> **Task details**
In the records below, find the line with "วัดโคโตคุอิน", then retype it and every following line exactly, stopping after the line with "de parties rabattables". Leave the pictures out.

> **Data provided**

*** Begin section ***

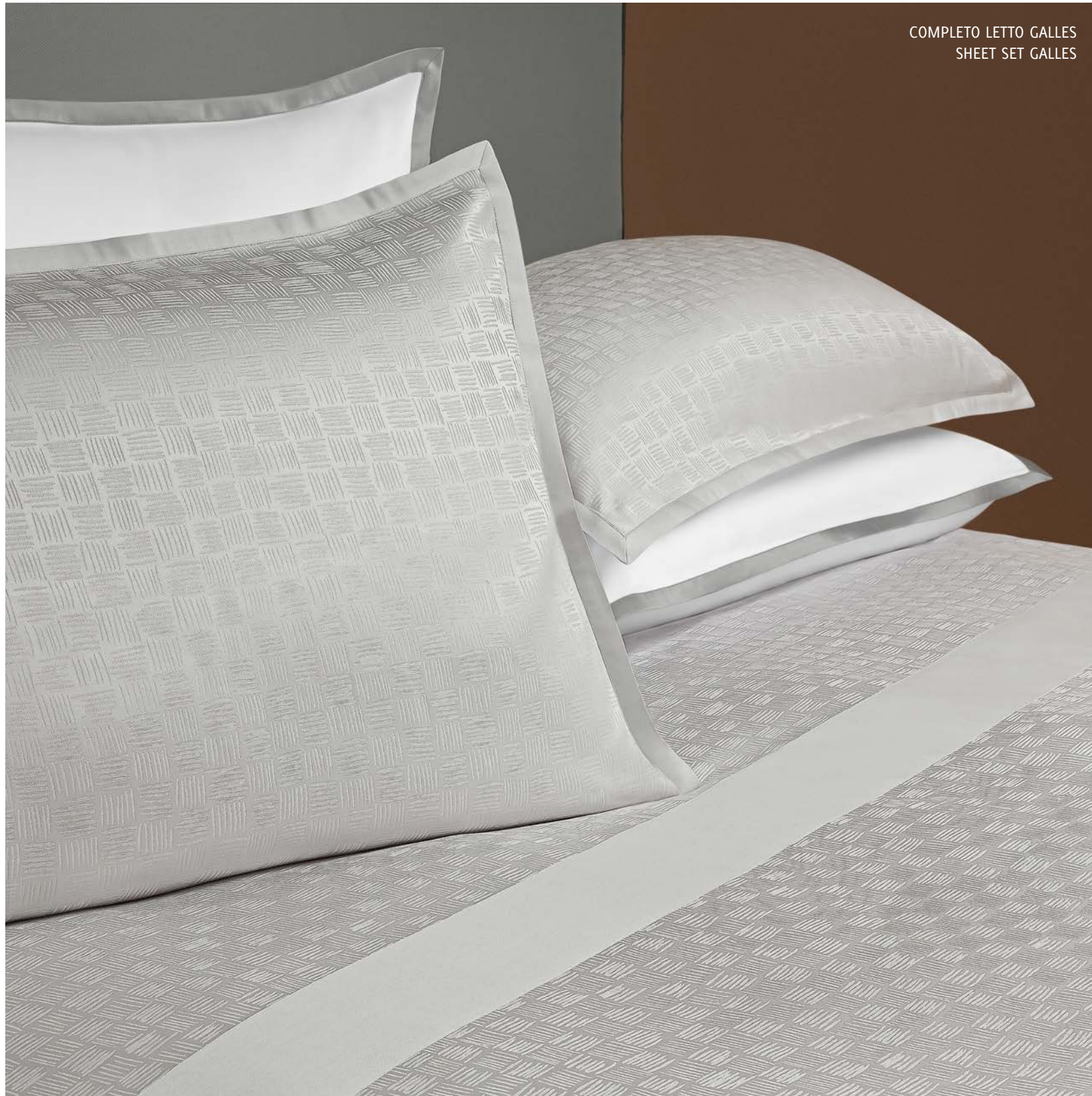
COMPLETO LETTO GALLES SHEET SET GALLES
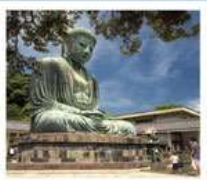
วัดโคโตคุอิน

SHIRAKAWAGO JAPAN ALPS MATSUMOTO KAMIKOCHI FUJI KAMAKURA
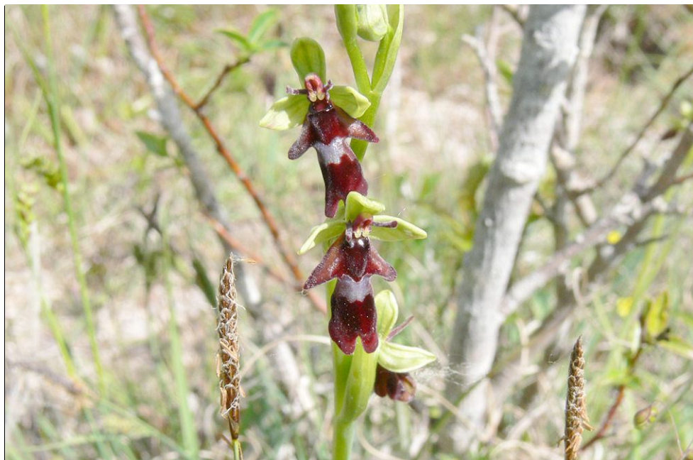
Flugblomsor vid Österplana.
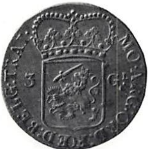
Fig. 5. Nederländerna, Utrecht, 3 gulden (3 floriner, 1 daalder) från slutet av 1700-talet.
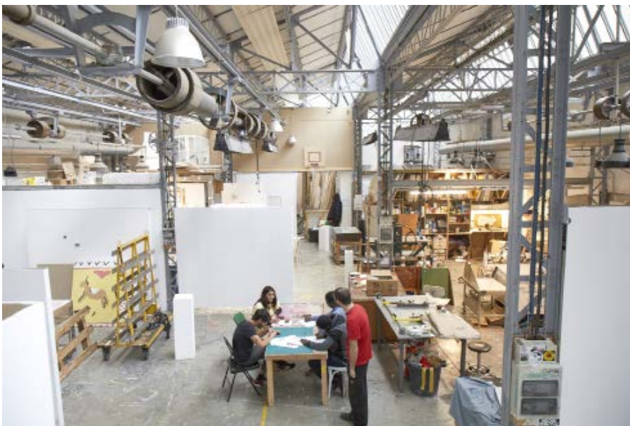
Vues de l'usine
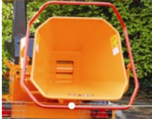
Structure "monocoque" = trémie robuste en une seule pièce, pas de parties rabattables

*** End section ***
*** Begin section ***

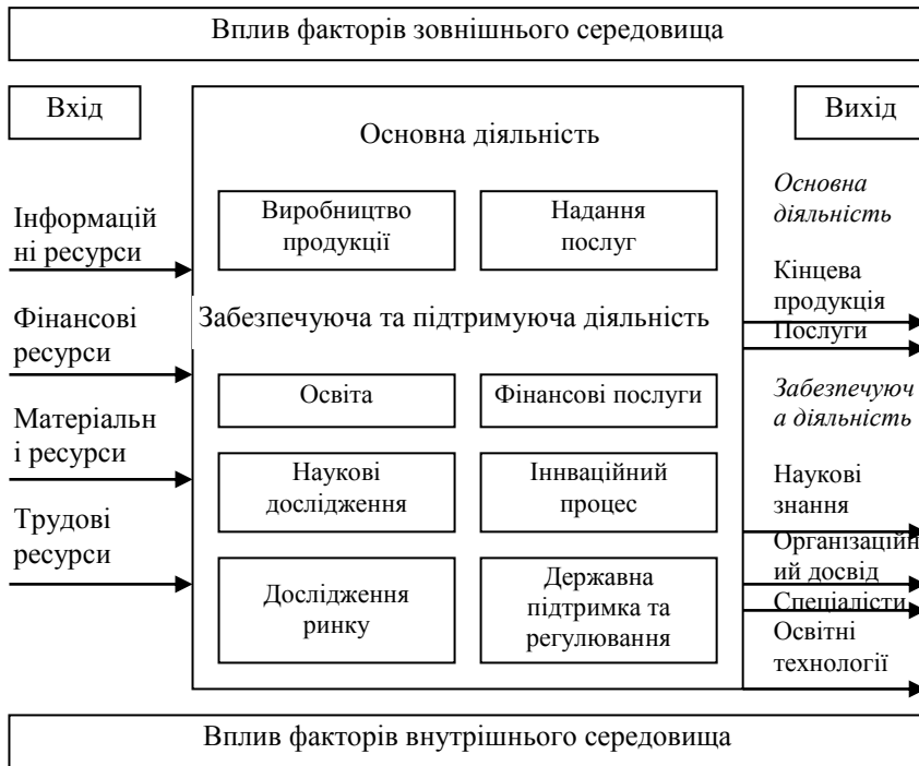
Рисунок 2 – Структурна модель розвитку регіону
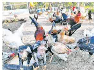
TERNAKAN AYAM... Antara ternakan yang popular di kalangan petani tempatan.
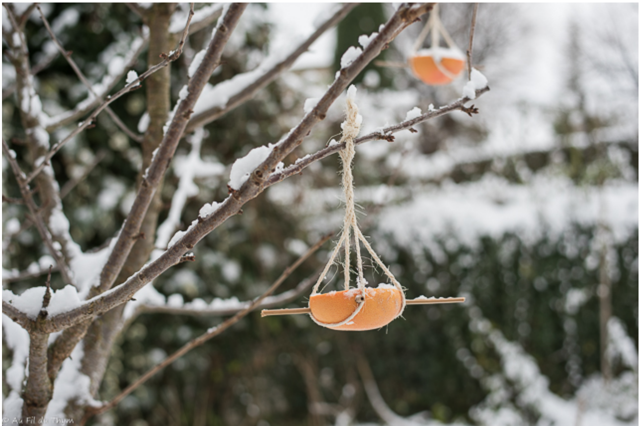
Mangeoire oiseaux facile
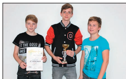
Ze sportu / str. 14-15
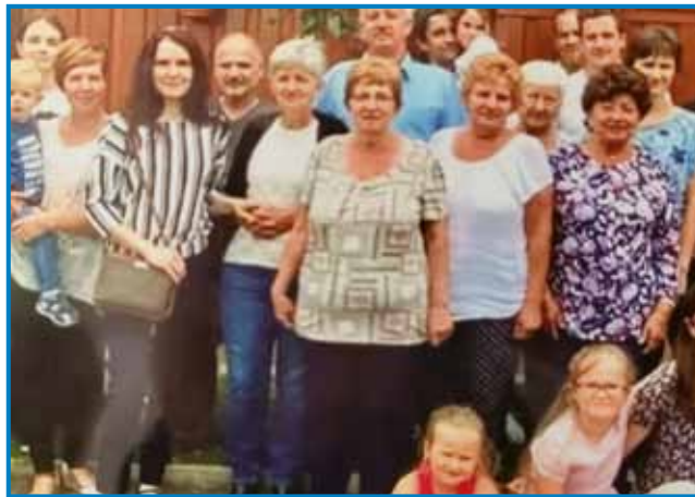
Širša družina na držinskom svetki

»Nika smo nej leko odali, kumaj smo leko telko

*** End section ***

> **Exercise result**
วัดโคโตคุอิน

SHIRAKAWAGO JAPAN ALPS MATSUMOTO KAMIKOCHI FUJI KAMAKURA
Flugblomsor vid Österplana.
Fig. 5. Nederländerna, Utrecht, 3 gulden (3 floriner, 1 daalder) från slutet av 1700-talet.
Vues de l'usine
Structure "monocoque" = trémie robuste en une seule pièce, pas de parties rabattables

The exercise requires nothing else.